▸ Material provided
------------------------------

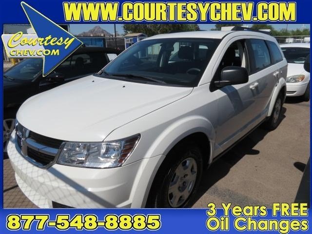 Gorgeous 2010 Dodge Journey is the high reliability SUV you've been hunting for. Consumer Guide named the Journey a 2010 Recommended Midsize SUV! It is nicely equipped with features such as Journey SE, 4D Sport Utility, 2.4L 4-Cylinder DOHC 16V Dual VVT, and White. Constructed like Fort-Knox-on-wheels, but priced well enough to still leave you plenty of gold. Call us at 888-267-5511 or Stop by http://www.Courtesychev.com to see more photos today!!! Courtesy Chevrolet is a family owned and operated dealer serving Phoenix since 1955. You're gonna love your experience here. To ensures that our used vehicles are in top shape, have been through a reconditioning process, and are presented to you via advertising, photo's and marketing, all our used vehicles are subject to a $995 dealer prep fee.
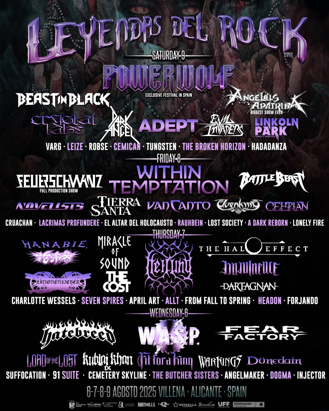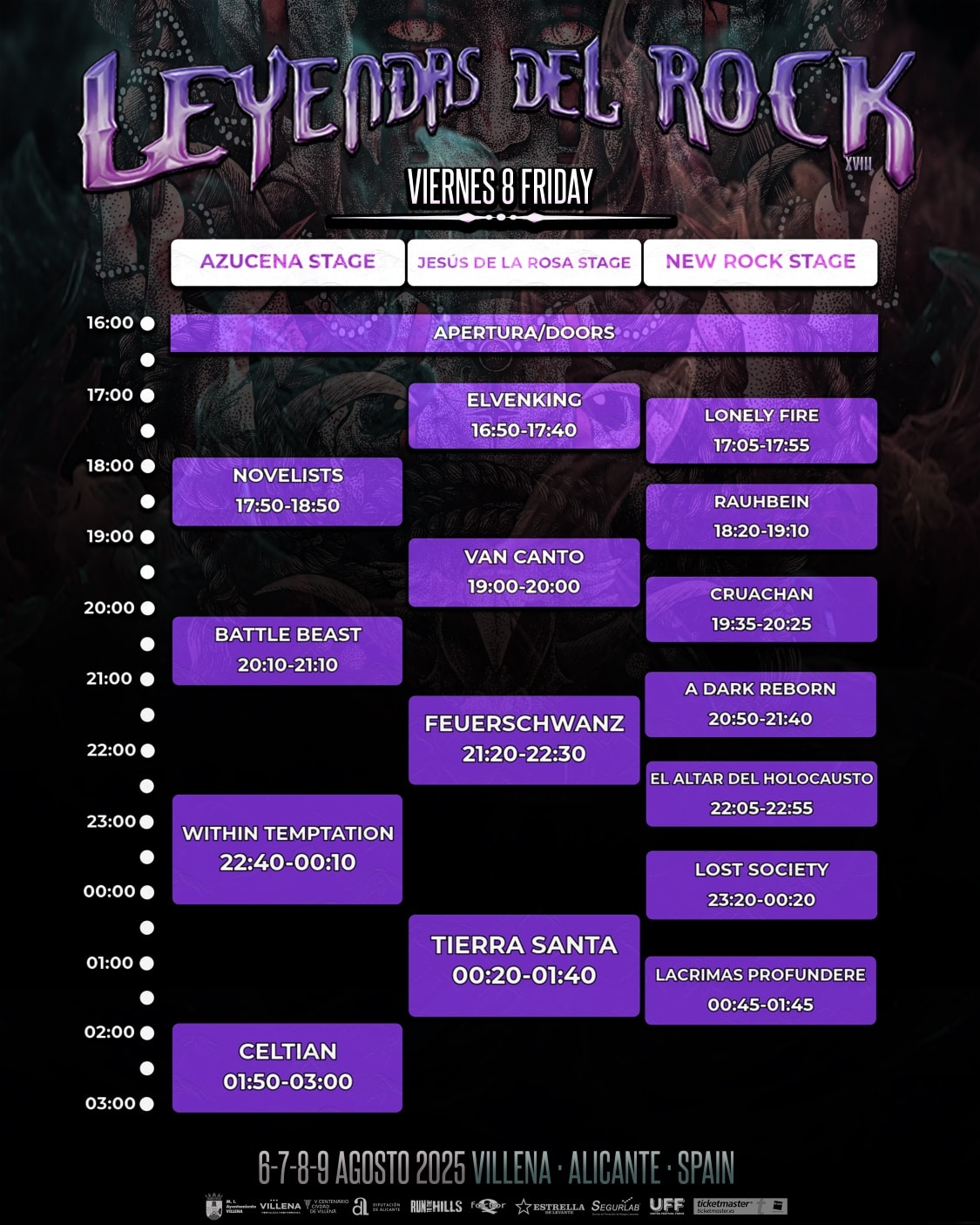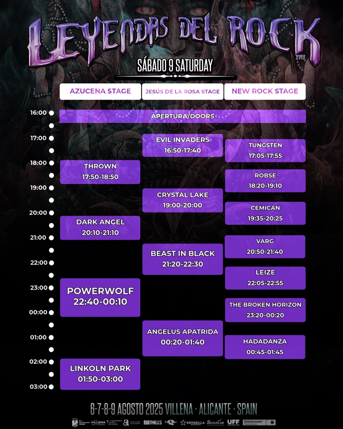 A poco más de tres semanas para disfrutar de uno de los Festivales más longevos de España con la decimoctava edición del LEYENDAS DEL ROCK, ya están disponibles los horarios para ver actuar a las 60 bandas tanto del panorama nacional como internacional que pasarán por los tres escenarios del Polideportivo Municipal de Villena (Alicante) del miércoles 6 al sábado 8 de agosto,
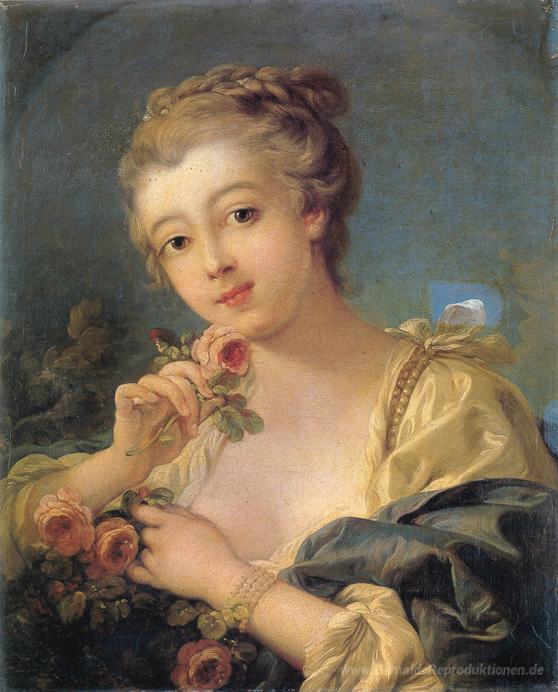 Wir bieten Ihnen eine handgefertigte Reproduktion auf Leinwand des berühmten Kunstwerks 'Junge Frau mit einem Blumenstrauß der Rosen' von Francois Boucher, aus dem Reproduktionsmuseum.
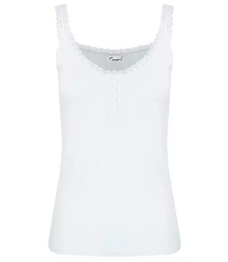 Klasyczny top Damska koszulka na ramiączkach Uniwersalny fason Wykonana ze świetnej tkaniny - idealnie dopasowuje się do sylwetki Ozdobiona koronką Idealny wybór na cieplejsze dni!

------------------------------

▸ Task to carry out
Write out exactly the lines beginning with the line that holds "Wir bieten Ihnen" and ending with the final line of the data, both ends included, without the pictures.

▸ Response
 Wir bieten Ihnen eine handgefertigte Reproduktion auf Leinwand des berühmten Kunstwerks 'Junge Frau mit einem Blumenstrauß der Rosen' von Francois Boucher, aus dem Reproduktionsmuseum.
 Klasyczny top Damska koszulka na ramiączkach Uniwersalny fason Wykonana ze świetnej tkaniny - idealnie dopasowuje się do sylwetki Ozdobiona koronką Idealny wybór na cieplejsze dni!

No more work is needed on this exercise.